= Kimberly L. Foster =

American mechanical engineer

Kimberly L. Foster (née Passerello, formerly Kimberly L. Turner) is an American mechanical engineer specializing in microelectromechanical systems including stick-slip phenomena, biomimetic adhesives, parametric oscillators, and microsensors. She is dean of science and engineering at Tulane University, where she is also a professor of physics and engineering physics and (by courtesy) of biomedical engineering.

==Education and career==
Foster is originally from Michigan, and studied engineering at Michigan Technological University, where her father Chris Passerello was a faculty member. She graduated in 1994, taking only three years for her degree. Originally planning to become a veterinarian, she continued in engineering after obtaining a National Science Foundation graduate fellowship. She completed her Ph.D. in 1999 at Cornell University, in theoretical and applied mechanics.

She joined the faculty of the University of California, Santa Barbara in 1999, and served as chair of the department of mechanical engineering there from 2008 to 2013. She moved to Tulane as dean in 2018.

==Recognition==
Foster has received several awards, was named an ASME Fellow in 2014, "for her major contributions in the area of micro-electro-mechanical-systems" and "extensive service to her professional community".
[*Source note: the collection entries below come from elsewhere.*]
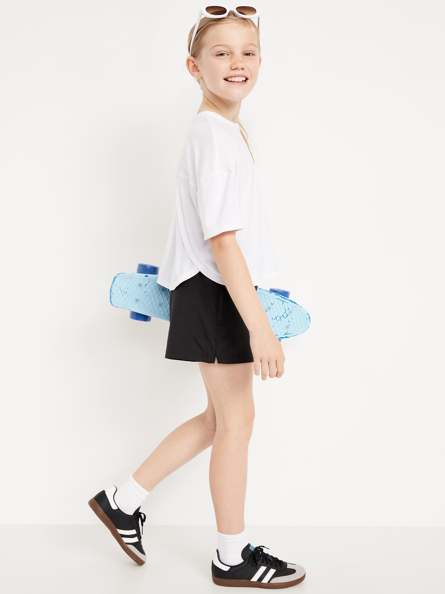 High-Waisted StretchTech Performance Shorts for Girls: high rise, elasticized waistband, zippered welt pockets, front seams, #762166
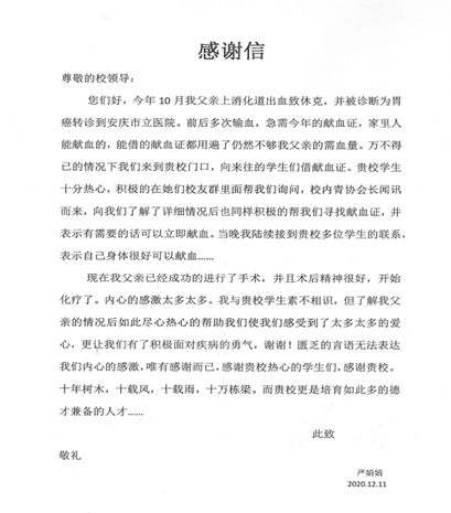 “我与贵校学生素不相识,但了解我父亲的情况后如此尽心热心的帮助我们使我们感受到了太多太多的爱心,更让我们有了积极面对疾病的勇气……”12月11日,伟德国际1949始于英国团委收到了一封感谢信。信中,严娟娟女士向人文学子热心无私、乐于助人的奉献精神和行为表示了衷心感谢。同时,严女士也赞扬了伟德国际1949始于英国教育理念和教育成果,字里行间都流露着她的深切谢意。
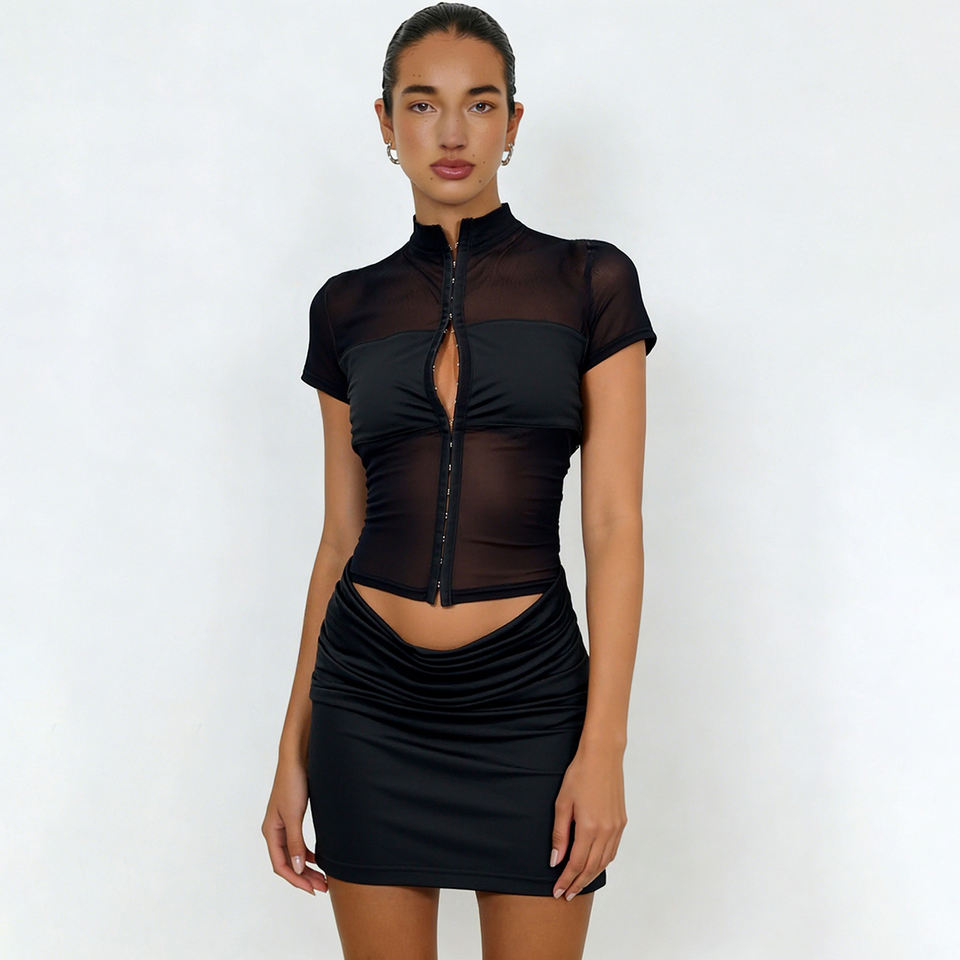 Vestido mini elegante con cuello redondo, botones, aberturas, manga corta, color liso, cintura natural e impresión digital para mujer

In 2021, Michigan Technological University named Foster to their Mechanical Engineering-Engineering Mechanics Academy.

She's also received the NSF Career award on July of 2018, she was featured as one of the 120 worldwide women of impact.

Foster has won the USCB Academic Senate Distinguished Award for both teaching in 2005 and graduate mentoring in 2013, and recently in January of 202 she was one of 10 women in New Orleans to receive a Women in STEM award by the American Heart Association and Entergy.

She was one of two professors to receive the Deans Hero Award at Tulane University.